Other reasons include that the operators failed to make massive investments in infrastructure building since Nigeria lacked the facilities that can cater for them in long term.
The kind of licenses that supported their operation at the initial stage, has also been a strong reason given to why the CDMA’s are in the position they are today. The licenses were regional and never allowed them room to expand until the GSM operators came, soar and conquered.
There are also other pockets of arguments including that operators came out with fragile and inferior equipments in phones and other dongles and also that the operators failed to understand that rural markets would have been their major market instead of facing each other in a needless competition in urban centres.
Meanwhile, industry stakeholders have said that something can be picked from each of these arguments to raise the fortune of the CDMA again.
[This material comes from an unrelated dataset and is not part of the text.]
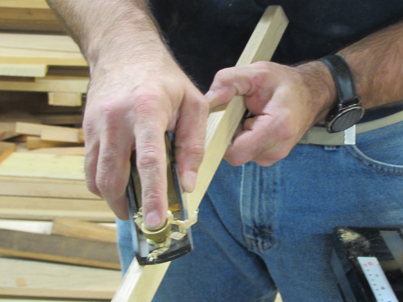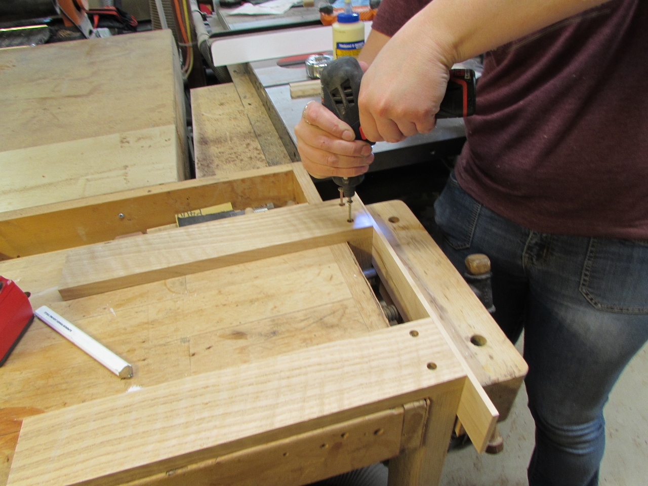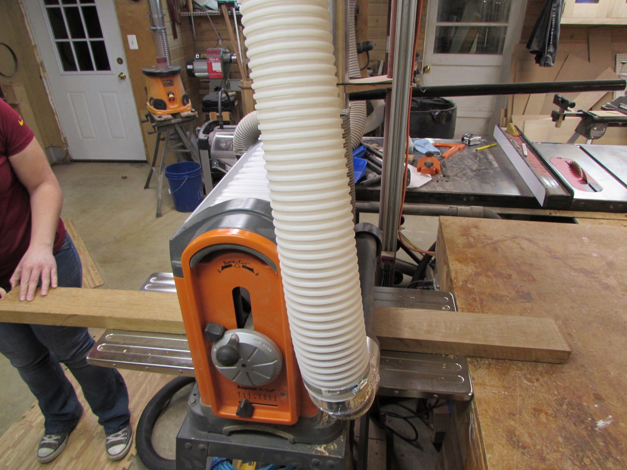 Next we moved on to the top pieces. She cut two pieces 3″ wide and 15-3/4″ long, and we planed them down to 3/4″ thick.
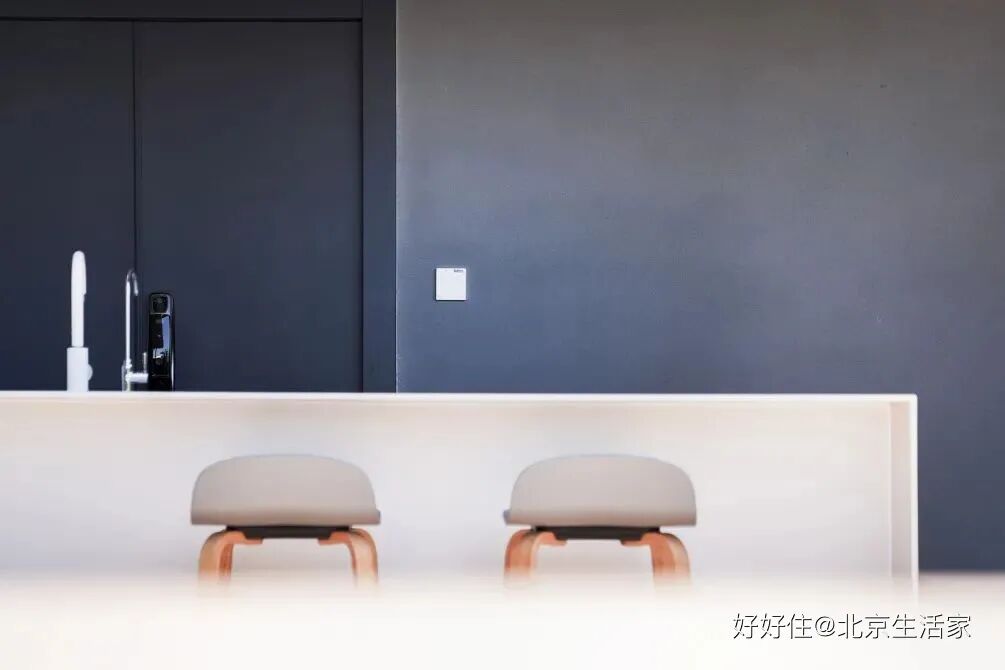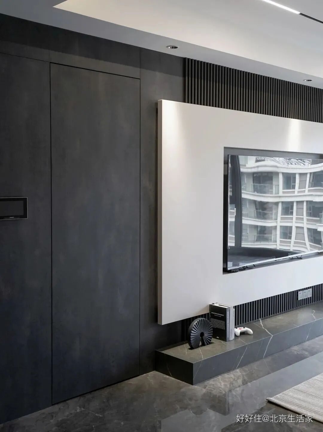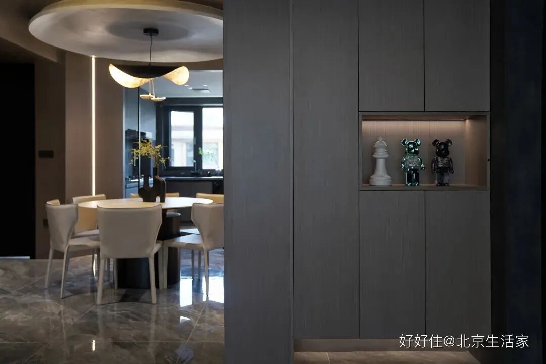北京生活家:一进门就拥有大宅仪式感,玄关墙选用了深色哑光岩板,通过打磨做成了凹凸造型,凸显其层次感,两边又用了超薄的木饰面板来做弧形包裹住,回家一开门就能感受到亲密和放松。

Juwah on faulty business model

When the EVC of NCC, Dr Juwah in an interaction with journalists, was confronted with the bail-out idea, he said, “I  have my own view on this issue just like any other person. Remember that I was part of the CDMA operation also. Basically, the first license for the CDMAs was a very regional sort of a licence when they were known as fixed wireless operators. Judging by their capitalization and the amount of frequency that they had, they were fairing well. But incidentally, this universal access licence came and they wanted to compete with the bigger boys and doing that, some of them that have very little capital went and borrowed and when you borrow at 25% interest rate, in Nigeria, it will take out all your profit.  So this may be one of the causes of their problem. Their strategy was wrong. It cannot be attributed to mismanagement or fraud or anything. It is just that their vision was wrong. In that case, I don't think they are entitled to a bail out, although it is not for me to decide.

Quibain on consolidation
Meanwhile from the operators themselves, there is beginning to a gradual acceptance that something has to be done to their business model. For instance, Retired Managing director of Starcomms Plc, Mr Maher Qubain, told us that consolidation in the CDMA segment of the telecommunications market and a fair playground for all networks are vital considerations.
Speaking against the background of the tough operating conditions of the CDMA networks in the country, Qubain said with all the CDMA networks put together controlling less than 10 per cent of the telecom market, operating in a lopsided competition against larger GSM networks, there is need for constructive measures by both the CDMA networks and the regulators.
 For him,“it is important for the CDMA networks to come together in the face of the operating conditions. With that, they can achieve scale. They can muster greater buying power.  So, instead of struggling for survival, they can compete as a dynamic force in the industry. CDMA mortality rate is alarming.
“For instance, there were twelve active CDMA networks in the country two years ago. They came down to six by last year and now there are three or four. Meanwhile, GSM networks are growing in number because they have scale and they are favoured by the interconnect rate allowed in the industry”.
He however, noted that consolidation can happen in diverse ways like making the unused spectrums of moribund networks now lying fallow, available for others to use.
Qubain also believes that improvements may also come if the Nigerian Communications Commission, NCC strictly enforces its own “use the spectrum or lose it” rule on networks that are no more operating and re-allocate them to others.